Nella questione sub d), sollevata dal Tribunale di Firenze, essendo la separazione tra i conviventi more uxorio soltanto una espressione metaforica che indica in realtà la estinzione del rapporto more uxorio, l'esistenza di prole naturale valorizza ulteriormente la ratio decidendi per la conservazione dell'abitazione alla residua comunità familiare.
Nella questione sub a), sollevata dal Pretore di Rodi Garganico, la separazione di fatto tra coniugi non dovrebbe avere alcuna rilevanza esterna, restando quella locata la casa coniugale. Ma essendosi convenuta tra i coniugi la conservazione dell'abitazione per uno solo di essi, la fattispecie, in base al principio di razionalità di cui all'art. 3 della Costituzione non può ricevere trattamento diverso da quello disposto per le ipotesi previste dal terzo comma dell'art. 6 della legge 392 del 1978 che recita: <In caso di separazione consensuale o di nullità matrimoniale al conduttore succede l'altro coniuge se tra i due si sia così convenuto>.
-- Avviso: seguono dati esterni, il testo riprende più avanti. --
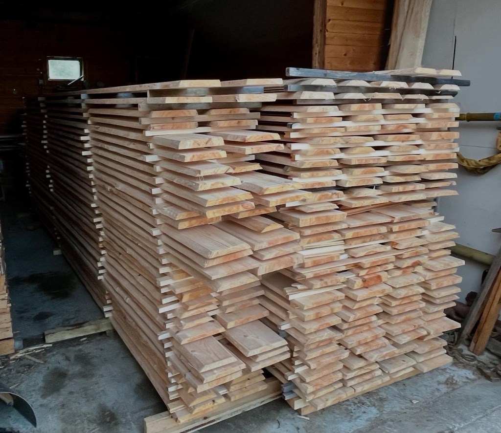 Jag har även sågat klart de sista brädorna till takpanelen. Det blev totalt 192 st. Av dessa ska 12 st användas till dörr- och fönsterfoder.

Rispetto al bene primario dell'abitazione che la ratio legis salvaguarda, il titolo della separazione, di fatto o consensuale, non può avere effetto discriminatorio senza vulnerare ancora una volta il combinato disposto degli artt. 2 e 3 della Costituzione nella configurazione su richiamata.
Che la separazione di fatto non comporti l'evidenza documentale di quanto convenuto tra i coniugi, come nella separazione consensuale, provveduta di verbale e di decreto di omologazione, non é ragione sufficiente per giustificarne l'assenza dalla previsione legale. L'accordo o l'atto concludente tra i separati di fatto sarà oggetto di prova e il relativo accertamento ristabilirà la parità con l'accordo convenuto nel verbale tra i separati con separazione consensuale omologata.
PER QUESTI MOTIVI
LA CORTE COSTITUZIONALE
dichiara la illegittimità costituzionale dell'art. 6, primo comma, della legge 27 luglio 1978, n. 392 (<Disciplina delle locazioni di immobili urbani>), nella parte in cui non prevede tra i successibili nella titolarità del contratto di locazione, in caso di morte del conduttore, il convivente more uxorio;
dichiara la illegittimità costituzionale dell'art. 6, terzo comma, della legge 27 luglio 1978, n. 392, nella parte in cui non prevede che il coniuge separato di fatto succeda al conduttore, se tra i due si sia così convenuto;
dichiara la illegittimità costituzionale dell'art. 6 della legge 27 luglio 1978, n. 392, nella parte in cui non prevede la successione nel contratto di locazione al conduttore che abbia cessato la convivenza, a favore del già convivente quando vi sia prole naturale.
Così deciso in Roma, in camera di consiglio, nella sede della Corte costituzionale, Palazzo della Consulta, il 24/03/88.
Francesco SAJA, PRESIDENTE
Francesco Paolo CASAVOLA, REDATTORE
Depositata in cancelleria il 07 Aprile 1988.